**What you will do**
Each line below from the one containing "after the presentation)" through the one containing "デスクマット 透明 学習机" is to be given again exactly, and no line outside that span.

**Records for the exercise**
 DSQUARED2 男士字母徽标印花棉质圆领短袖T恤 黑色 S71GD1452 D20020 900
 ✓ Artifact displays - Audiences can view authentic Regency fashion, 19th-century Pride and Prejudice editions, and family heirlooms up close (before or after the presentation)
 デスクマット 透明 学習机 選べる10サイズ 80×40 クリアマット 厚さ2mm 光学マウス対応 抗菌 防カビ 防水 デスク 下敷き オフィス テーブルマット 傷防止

---

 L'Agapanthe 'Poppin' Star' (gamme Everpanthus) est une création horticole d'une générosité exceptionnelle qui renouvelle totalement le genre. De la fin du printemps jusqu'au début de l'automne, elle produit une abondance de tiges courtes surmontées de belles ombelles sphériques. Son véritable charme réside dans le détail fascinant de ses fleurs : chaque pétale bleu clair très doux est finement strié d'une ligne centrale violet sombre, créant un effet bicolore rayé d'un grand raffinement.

**Expected answer**
 ✓ Artifact displays - Audiences can view authentic Regency fashion, 19th-century Pride and Prejudice editions, and family heirlooms up close (before or after the presentation)
 デスクマット 透明 学習机 選べる10サイズ 80×40 クリアマット 厚さ2mm 光学マウス対応 抗菌 防カビ 防水 デスク 下敷き オフィス テーブルマット 傷防止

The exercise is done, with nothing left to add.